All hope abandon if you hope to scale the peak
That Dante mastered in his own medieval time—
Unless you are prepared by effort now to seek
To learn that poet’s subtle, perfect tercet rhyme,
The early steps of which demand that you retain
The subtle a-b-a’s by means of which you climb
Your personal high Paradiso by refrain,
Your second verse, same as the first, but now the scheme
Becomes a b-c-b and so on once again
Until a thousand verses hence you’ve filled a ream
With lines, narration, pristine images galore
Neglecting not a sublime, lofty, noble theme
In which chaste caritas ranks high above amor
In which you hold converse with saintly Beatrice
Although in Hell you may have chatted with a whore.
There is but one thing more, a bit of artifice:
Your last two lines should stand alone to mark the end
And rhyme the one with next the way that couples kiss.

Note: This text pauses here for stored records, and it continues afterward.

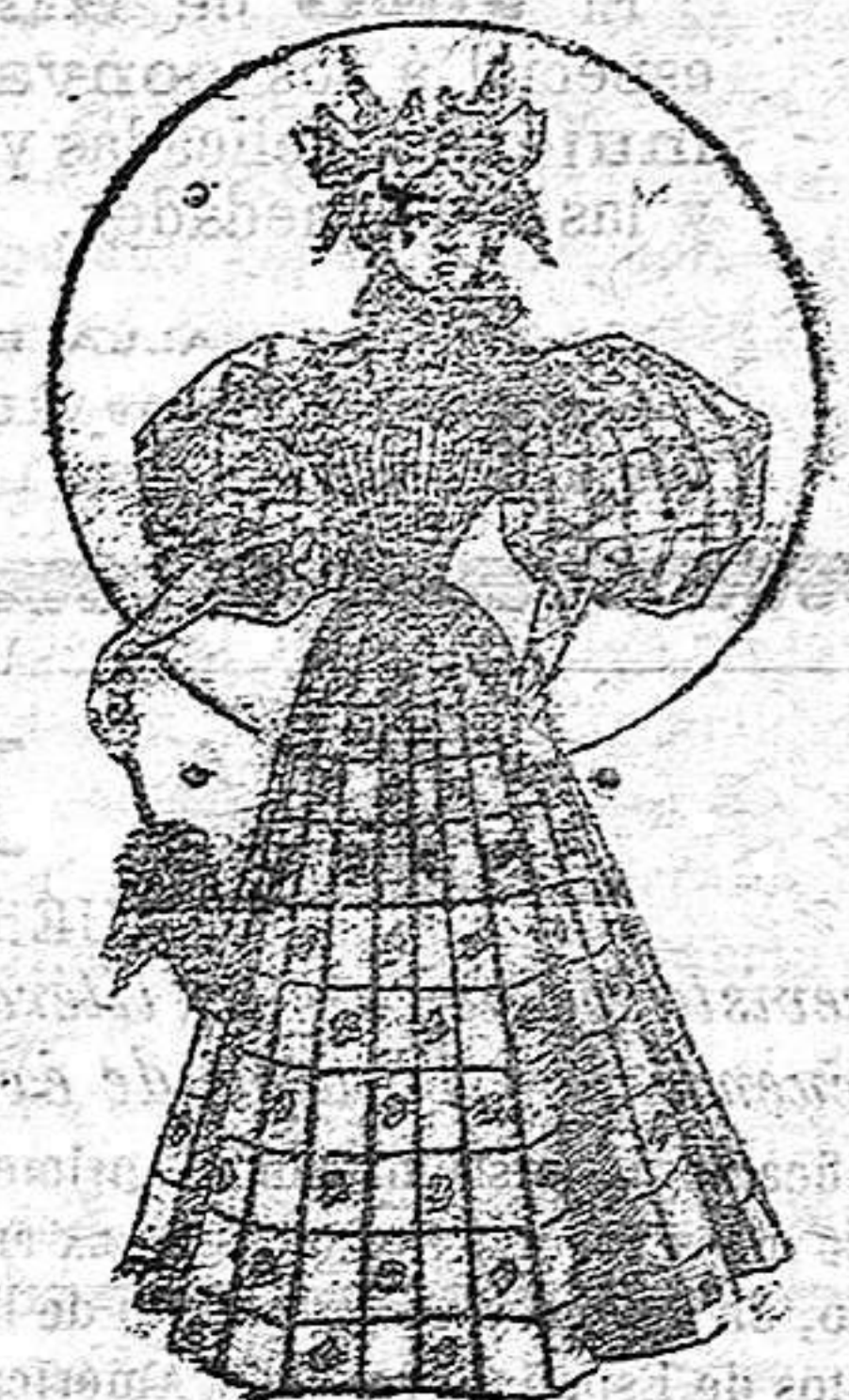
Traje de calle

De seda brochada; cuerpo flojo de encaje, recogido en la cintura por un cinturón de cinta; en los hombros dos volantes de encaje sujetos por dos lazos del mismo género que el cinturón; mangas cortas de raso, y falda—forma campana—con una tabla en el delantero, terminando en el cuello, y sujeta por un lazo de cinta.
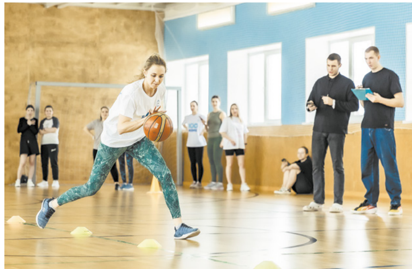
«Полный абзац» взял золото в смешанной эстафете.

Традиционная женская спартакиада к 8 Марта прошла в ПАО «Кокс». Любовь к спорту и желание завоевать лавры победителей объединили семь команд. Самые обаятельные и привлекательные сражались в шести видах: бадминтоне, миниволе, дартсе, прыжках в длину, смешанной эстафете и настольном теннисе.
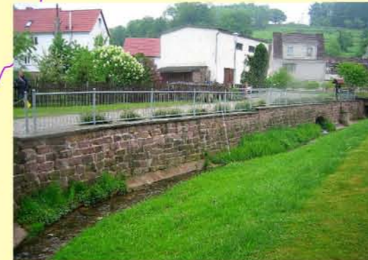
Waise in Mackenrode, Entwicklungseinschränkung durch einseitigen Schutz der Straße
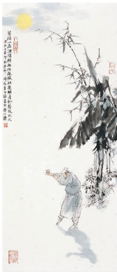
李白《月下独酌四首其一》诗意图(中国画) 王明明作
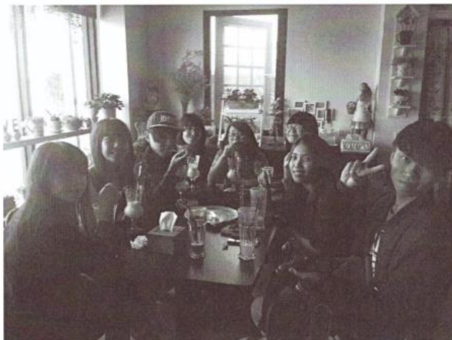
名稱:分組座談 104.04.15 真咖啡

The last rhyme takes its sound, as you must apprehend
From the middle line above, on which it must depend.
To which I need merely add my admiration for Dorothy Sayers who did The Divine Comedy using this lofty, chained rhyme scheme, much harder to achieve in English than Italiano. And, by way of a P.S., I must note that this little instruction in how to do the terza rima is written in hexameter whereas, the authorities on high strongly recommend iambic pentameter instead, bowing to such greats as Frost, Shelley, Chaucer—and, indeed, Dante himself, although that sovereign of poetry grandly shorted five or spilled from five to six and often up to seven whenever the spirit so happened to move him.